The Quantum Benchmark That Might Actually Catch a Spoof
A quantum computer told you it found the answer. How do you know it wasn't just a classical computer pretending?
That is the question a new paper from five physicists attempts to answer — and unlike most quantum benchmarking research, their method might actually be cheap enough to use. Gregory Bentsen at William & Mary, Bill Fefferman, Soumik Ghosh at the University of Chicago, Michael J. Gullans at the University of Maryland and NIST, and Yinchen Liu at the University of Waterloo published a technique last week that lets hardware operators check whether their quantum circuits are doing something a classical computer cannot easily fake. The tool requires only logarithmic samples — roughly m~log(n) measurements to catch a spoofing attack with high confidence — which the authors describe as practically free by the standards of quantum experimentation.
The need is real. Existing quantum benchmarks, particularly one called linear cross-entropy, have been gamed. A Harvard group demonstrated that a classical algorithm could match linear cross-entropy scores on real quantum hardware by exploiting noise rather than quantum physics — essentially convincing the benchmark that noise was quantum computation. "Existing benchmarks to characterize these experiments, like linear cross-entropy, have been classically spoofed due to noise," the authors write.
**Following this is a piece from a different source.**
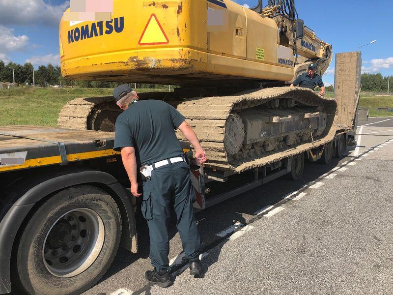 Inspektorzy sprawdzili również prawidłowość zabezpieczenia przewożonego ładunku. Jak się okazało, jedyną formą zabezpieczenia 35-tonowej koparki przewożonej trasą S7, był łańcuch, którego wytrzymałość wynosiła zaledwie 5 ton. Pod ładunkiem nie było mat antypoślizgowych, brakowało również podciągów łańcuchowych przeznaczonych do tego rodzaju przewozów. Pojazd ponadnormatywny został tez niewłaściwie oznakowany.
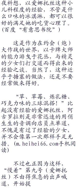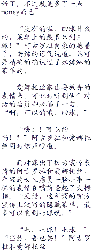 在‘睡美人’公主阿古罗拉身上完全感觉不到什么玉wang跟执着之类的东西,但唯有甜品是例外,特别对于鲁鲁家冰淇淋异常地执着,不过这样子说起来,第九号(爱娜托丝)甚至比起阿古罗拉来说,对于冰淇淋甜品的执念更甚。

The new method — nonlinear cross-entropy, or log XEB — is designed to close that gap. Where the linear version can be fooled by noise patterns that look like quantum behavior, the nonlinear version distinguishes actual quantum output distributions from a spoofing attack even when moderate noise is present. The paper demonstrates mathematically that the nonlinear score separates noisy quantum computers from state-of-the-art classical spoofers in the specific setting the authors studied: shallow-depth all-to-all random circuits using Brownian motion modeling and replica tricks to derive exact analytic expressions.
The technical core is a binary classifier the paper calls heavy output generation. Given a set of measurement outcomes from a quantum circuit, it decides whether the device is producing genuinely quantum output or a classical imitation. The authors prove that this classifier succeeds with high probability using only a logarithmic number of samples — a result that matters because most quantum verification methods require exponential measurements to rule out spoofing reliably.
There is a meaningful limitation embedded in that proof. The mathematical guarantees hold for all-to-all circuit architectures, where every qubit can interact with every other qubit. Real quantum hardware does not look like that. IBM's quantum systems use a grid connectivity. Google uses a similar layout. Trapped-ion machines have their own topology constraints. The paper's authors acknowledge this gap and note that extending the result to grid architectures "remains an open problem." What works on paper for all-to-all Brownian circuits may not transfer directly to the machines currently deployed in cloud quantum computing services.
No independent lab has reproduced the result, and no hardware vendor has publicly committed to implementing the benchmark. The authors tested their method theoretically and against existing spoofing attacks — but only the specific Harvard spoofer their framework is designed to catch. Other classical algorithms not tested in the paper may or may not be captured by the same mathematical separation.
For enterprises and national laboratories evaluating quantum hardware today, this is the gap between a promising paper and a practical tool. Linear cross-entropy has been the field's working assumption for quantum advantage since Google's 2019 supremacy demonstration — and a Quantum Insider investigation earlier this year documented how extensively the industry has struggled to separate verified quantum performance from vendor noise. If that assumption has been quietly broken by noise-exploiting classical algorithms — and the Bentsen-Fefferman paper says it has — then every vendor claiming quantum advantage on that benchmark owes their customers an explanation. Log XEB may offer a way to get one, cheaply — and for the enterprise buyer or VC evaluating a quantum vendor's claims, that is the difference between a real purchase decision and a science project. If adopted, it functions as a de facto filter: vendors whose hardware fails the benchmark face credibility pressure, while those that pass it gain a demonstrable edge in enterprise sales conversations. Whether it generalizes to the architectures actually in production hardware — IBM's grid, Google's similar layout, trapped-ion topology — is the question the paper cannot answer from a whiteboard.
The authors are Yinchen Liu from the University of Waterloo, Michael J. Gullans from the University of Maryland and NIST, Soumik Ghosh from the University of Chicago, Bill Fefferman, and Gregory Bentsen from William & Mary. The paper is posted on arXiv as 2605.22909.